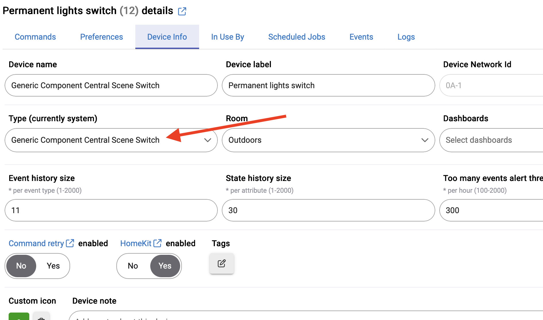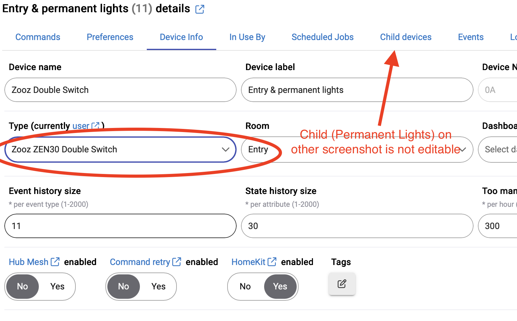 I have that device driver in the parent, but the child (the relay switch) is automatically(?) populated (greyed out) and I cannot figure out how to change it.
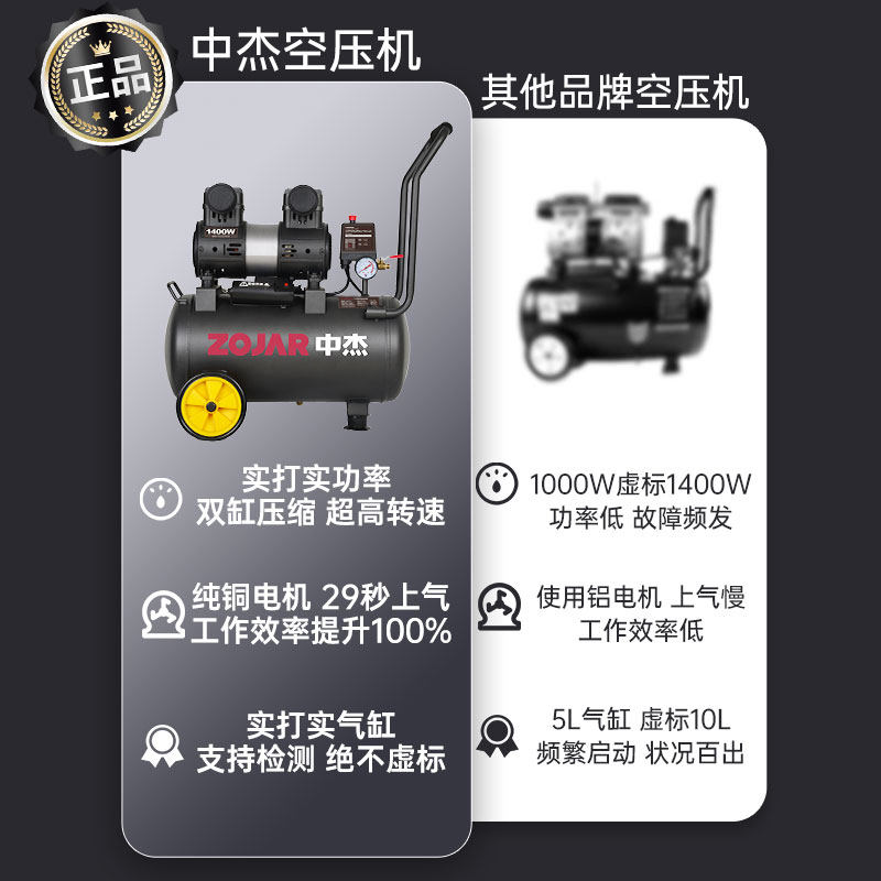 Air Compressor Zhongjie Small High -Dravure Industrial -Degrade Масло безмолвное 220 В Дерево -растяжение
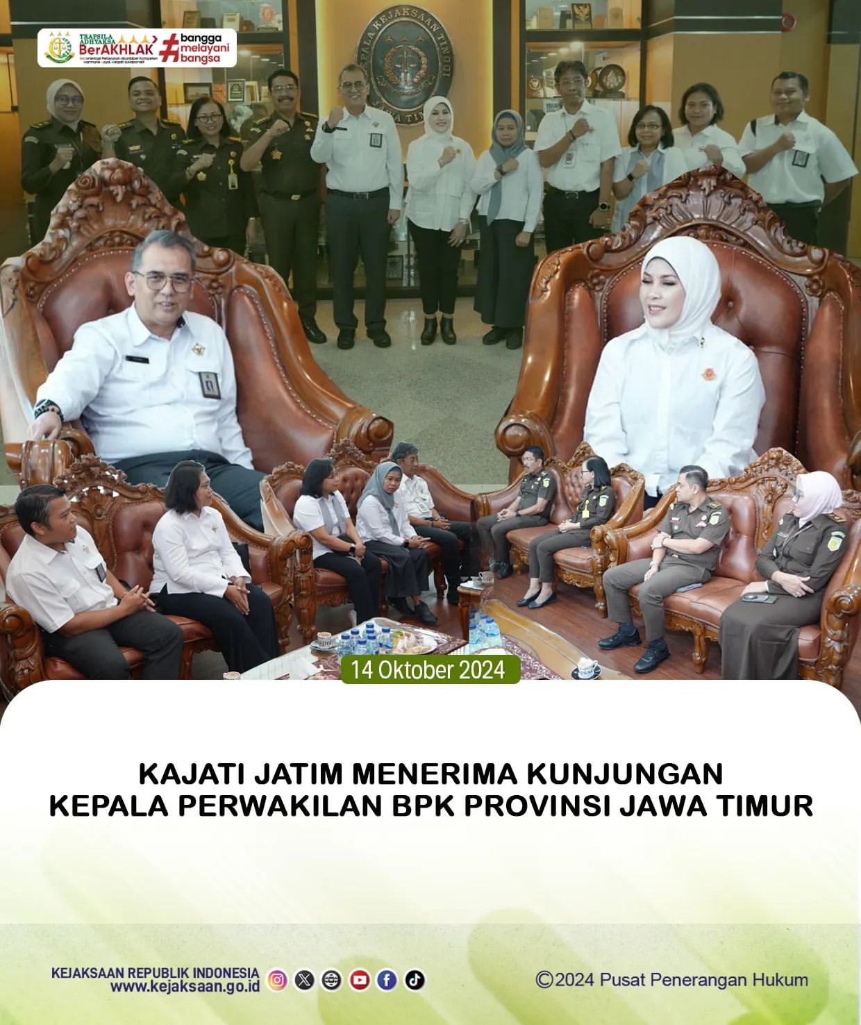 Pada hari Senin, 14 Oktober 2024, Kepala Kejaksaan Tinggi Jawa Timur (Kajati Jatim), Dr. Mia Amiati, S.H., M.H., CMA., CSSL, menerima kunjungan dari Bapak Yuan Candra Djaisin, S.E., M.M., Ak., CPA., CSFA, yang merupakan Kepala Perwakilan Badan Pemeriksa Keuangan (BPK) Provinsi Jawa Timur. Kunjungan ini merupakan bagian dari silaturrahmi dan bertujuan untuk memperkuat koordinasi antara Kajati Jatim dan BPK.
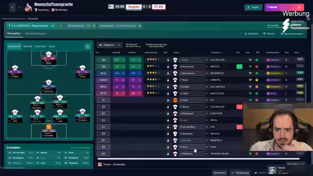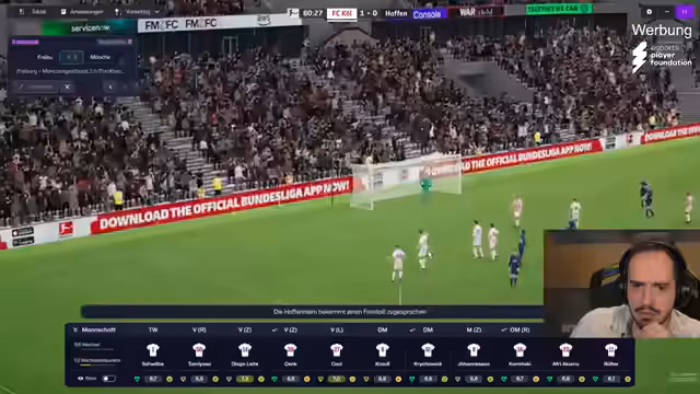06:18:30Der Streamer bereitet sich auf den nächsten Spieltag gegen Hoffenheim vor. Aufgrund von Verletzungen im Kader, wie bei Timon und Ragnache, muss er taktische Anpassungen vornehmen. Er versucht eine offensive Taktik mit einer Dreierkette, was als nicht optimal beschrieben wird. Das Spiel verläuft holprig, und es gibt technische und taktische Unstimmigkeiten auf dem Bildschirm, die den Streamer frustrieren.
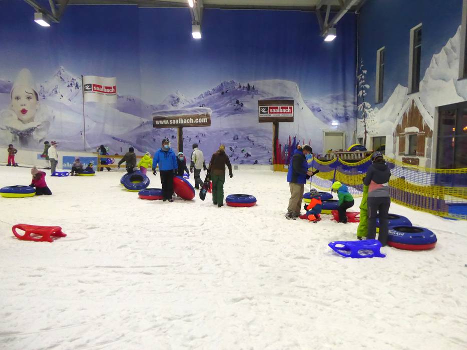 Ein Highlight sind die Rodel- und Tubingbahn im Alpenpark Neuss. Hier können es die Kleinen und Großen direkt neben den Pisten sausen lassen. Die Auffahrt erfolgt bequem mit dem Förderband.
+++++
What the task asks: An exact reprint of every record is required, with the pictures omitted.

Result below:
 I have that device driver in the parent, but the child (the relay switch) is automatically(?) populated (greyed out) and I cannot figure out how to change it.
 Air Compressor Zhongjie Small High -Dravure Industrial -Degrade Масло безмолвное 220 В Дерево -растяжение
 Pada hari Senin, 14 Oktober 2024, Kepala Kejaksaan Tinggi Jawa Timur (Kajati Jatim), Dr. Mia Amiati, S.H., M.H., CMA., CSSL, menerima kunjungan dari Bapak Yuan Candra Djaisin, S.E., M.M., Ak., CPA., CSFA, yang merupakan Kepala Perwakilan Badan Pemeriksa Keuangan (BPK) Provinsi Jawa Timur. Kunjungan ini merupakan bagian dari silaturrahmi dan bertujuan untuk memperkuat koordinasi antara Kajati Jatim dan BPK.
06:18:30Der Streamer bereitet sich auf den nächsten Spieltag gegen Hoffenheim vor. Aufgrund von Verletzungen im Kader, wie bei Timon und Ragnache, muss er taktische Anpassungen vornehmen. Er versucht eine offensive Taktik mit einer Dreierkette, was als nicht optimal beschrieben wird. Das Spiel verläuft holprig, und es gibt technische und taktische Unstimmigkeiten auf dem Bildschirm, die den Streamer frustrieren.
 Ein Highlight sind die Rodel- und Tubingbahn im Alpenpark Neuss. Hier können es die Kleinen und Großen direkt neben den Pisten sausen lassen. Die Auffahrt erfolgt bequem mit dem Förderband.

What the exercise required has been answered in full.